Ginger Morgan, director of residential community at Pres House apartments, first read about Aaron's House in Brava magazine and took Tom Meyer out for coffee to ask if he thought more recovery housing was needed. He said yes. Morgan pitched the idea to her boss, who secured a private donation for the program. Next Step Recovery Community will open in the fall semester at Pres House apartments.
"I do think that students in recovery at UW and area colleges may have felt a certain kind of invisibility," says Morgan. "And with community partners, both the university and nonprofits, stepping forward, the students have since felt an increased level of confidence and excitement about Madison becoming a place where students in recovery would consider coming. Because there's a vibrant and vital community here to support them."
Vanessa is a 26-year-old UW student in long-term recovery, finally set to graduate this December with a double major in communications and gender and women's studies. It's still crazy for her to think about the way she once lived, the depths to which she sunk and the hopelessness she thought she'd never escape. But she's now immersed in the local recovery movement and fired up to help push it forward.
"For me, what's at the heart of it is awareness-raising and stigma-reduction," says Vanessa. "And hopefully advocating for more resources for people who find themselves in this situation."

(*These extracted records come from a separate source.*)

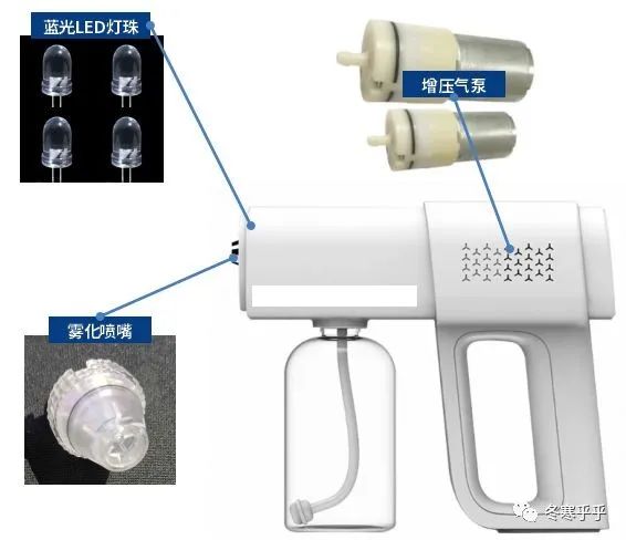 噴撒范圍廣:消毒液體霧化后噴灑范圍廣,大面積消毒,提高消毒效率;解放雙手:便攜手持,適用于家庭各個角落,方便收納;清楚消毒范圍:藍光的噴霧槍,起到照明的作用,能清楚觀察消毒范圍省事省力:傳統(tǒng)擠壓式消毒瓶,按久了費力不能持續(xù)噴灑,消毒噴霧槍一般采用電池驅動。液體通用:除了酒精*使用外,消毒液、驅蚊水、清水等都可以。其他功能:其工作原理跟加濕器一致,加水霧化噴灑能增加室內濕度,降低房屋溫度。掃地除塵、加入香薰液可以去除車內或市內異味、加入驅蚊液噴灑驅蚊、加入甲醛液去除甲醛等使用范圍廣:家庭空間、汽車空間、收取快遞、衣物都可以處理。*特別注意:裝填酒精等易燃液體,噴霧一定要遠離火源,不能對人體鼻、口噴灑。值得注意的事項:1、消毒噴霧槍的藍光是由LED藍色燈珠產生的,不是紫外線燈,所以是沒有消毒作用的。而真正的紫外線燈起到殺菌消毒的關鍵指標分別是大功率、遠距離、長時間、照射表面以及在密閉暗環(huán)境中。所以現(xiàn)有的噴霧槍產品是起不到消毒作用的,但是能夠可以作為辨別消毒方向和范圍的指示燈。
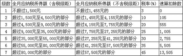 中国个税属于世界上少有的分类所得税制,具体分为11类,分别是工资、薪金所得,个体工商户的生产经营所得,利息、股息、红利所得,财产租赁所得,财产转让所得等。其中最为普通大众熟悉的,莫过于工资薪金所得。目前工资薪金在3500元免征额后,采取7级累进税率(3%~45%)征收:
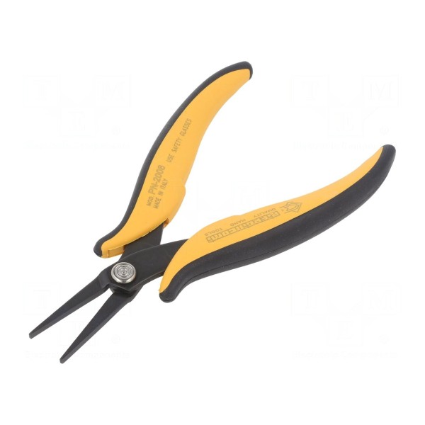 Narzędzie typu szczypce przeznaczone jest do prac związanych z chwytaniem oraz gięciem elementów. Produkt wyposażony został w wydłużone, płaskie szczęki, których powierzchnie chwytające są gładkie, co minimalizuje ryzyko uszkodzenia trzymanego przedmiotu.

A partier in high school, Vanessa became addicted to oxycodone before she even knew what it was -- essentially, expensive heroin in a pill. When her parents drove her from her home state of Massachusetts to school at the UW, they had no idea she was detoxing, trying so hard to quit on her own. It didn't take.
"I really struggled through my freshman year, drinking copious amounts and using opiates when I could. Just not knowing that there were other people like me. I felt very, very alone."

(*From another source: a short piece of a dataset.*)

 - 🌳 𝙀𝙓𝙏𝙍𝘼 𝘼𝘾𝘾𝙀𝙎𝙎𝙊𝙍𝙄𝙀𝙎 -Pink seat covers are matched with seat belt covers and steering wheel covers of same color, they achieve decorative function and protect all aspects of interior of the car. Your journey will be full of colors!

Over the next five years, Vanessa bounced in and out of school, unable to get solid footing on her addiction. Twice University Health Services referred her to Connections Counseling, where she at least got to know a few other kids her age in recovery. There's so much she can't remember now, but she remembers vividly how hard it was just to get started. Today, sober 15 months, Vanessa devotes a solid portion of her day-to-day life to recovery.

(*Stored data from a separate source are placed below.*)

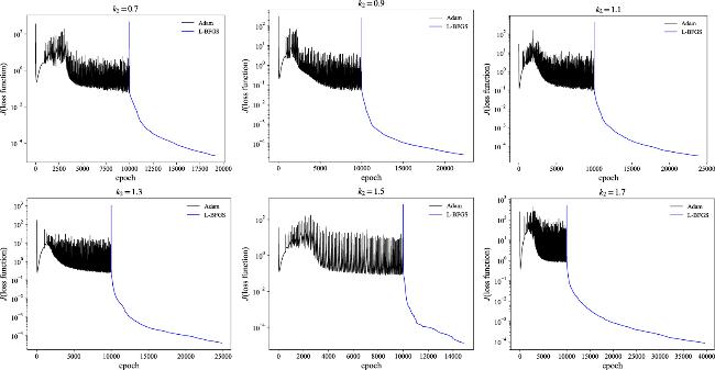 In figure 6, the loss function evolutions are given with the k1 and k2 parameters setups from table 2 by the Adam optimizer plus the L-BFGS algorithm with the IPINNs model. The total number of training epochs increases from the k = 0.7 parameter setting to the k = 1.7 case in the current simulations. Since the neural network architecture, the number of collocation points and IB points, and the physics information are the same, the total training time is closely related to the optimizer steps. The number of the Adam optimizer iteration is set as 10 000, so the increasing time comes from the L-BFGS iterations. The learning speed is slower for the narrower width of the colliding-soliton for the L-BFGS algorithm. Each epoch consumes more time due to the second-order derivatives of the loss function with the L-BFGS algorithm compared to the Adam optimizer, with the latter relying only on the first-order derivatives.
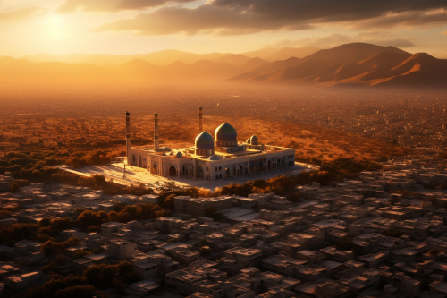 Aerial Image of Isfahan city, dramatic and photorealistic, golden hour --ar 3:2
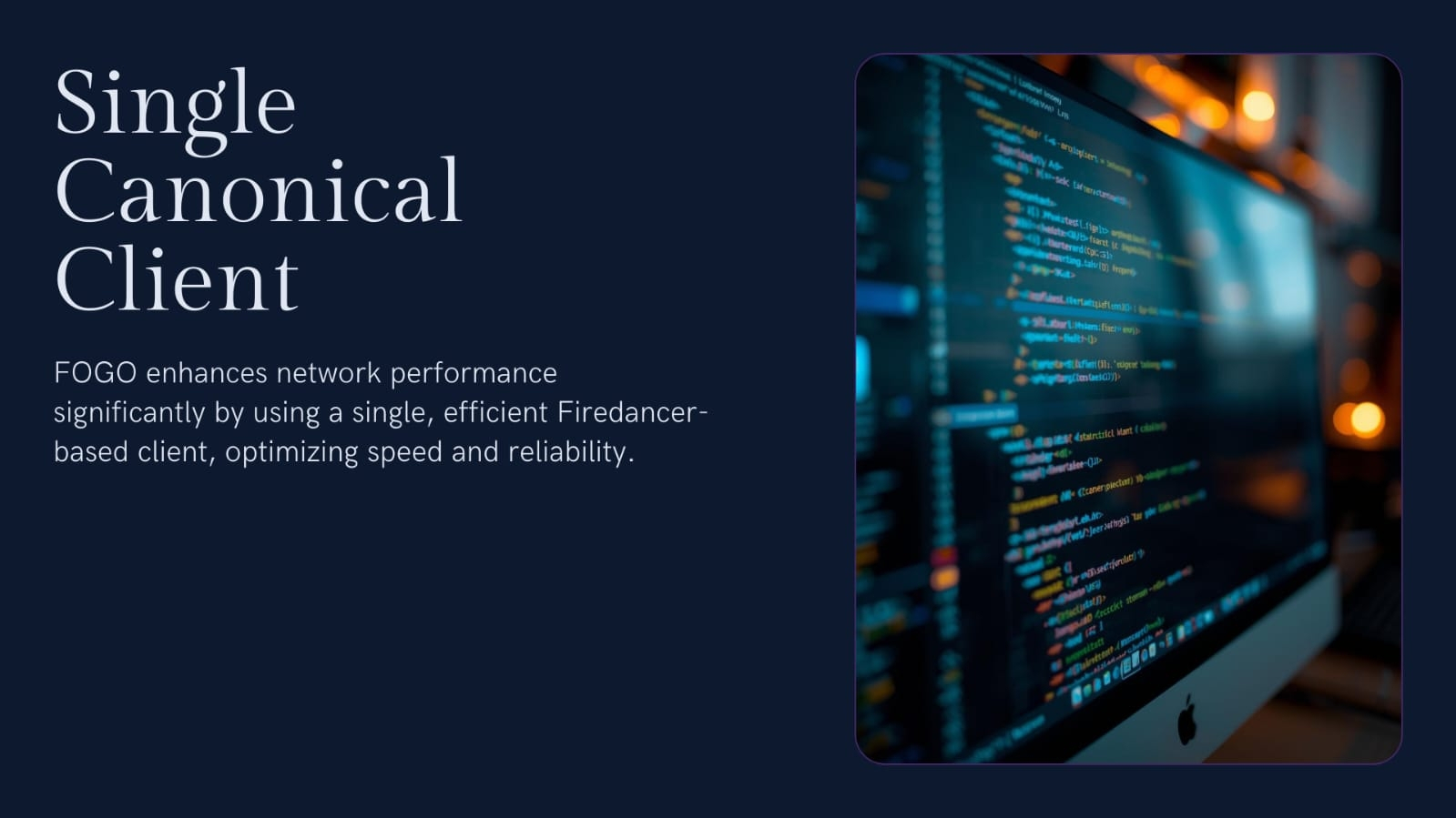 In contrast to Solana that allows having several validator clients, FOGO operates a single canonical Firedancer-based client. No other bottlenecks of weaker implementations - the entire network operates at the maximum speed, invariably.

"I think a shared goal for a lot of us is to have a mentorship situation, where we can be that person who will sit down with someone who's just coming out of that dark place," says Vanessa. She says it's helpful to accompany others to meetings and counseling appointments.
"I really needed handholding at that time," she recalls. "I really felt like the bad kid. I felt like I had this secret."
Things took off for her when she got a phone call from Caroline Miller, whom she'd never met, asking if she'd like to join Young People in Recovery. The two women, along with Jenna from Connect House, started writing the constitutions and bylaws and created the registered Live Free student organization. For Vanessa, the student group can not only provide support, but also remove some of the shame and secrecy that so often shrouds recovery efforts.
"Visible sobriety is something we really want to be a part of," she says. "Just being able to be out there, as sober people. I didn't know that recovery happened. And maybe I wouldn't have even wanted it back then, but here's the thing: It plants the seed for somebody."
And one seed can be powerful.
"It was [Aaron Meyer's] idea to live with other guys in recovery, go to school or their jobs, see their counselors," says Miller. "And from Aaron's idea came this wonderful model for peer support, and now there's Connect House, Pres House and all of these things unfolding. So really, the impact one young person in recovery can have is just unbelievable."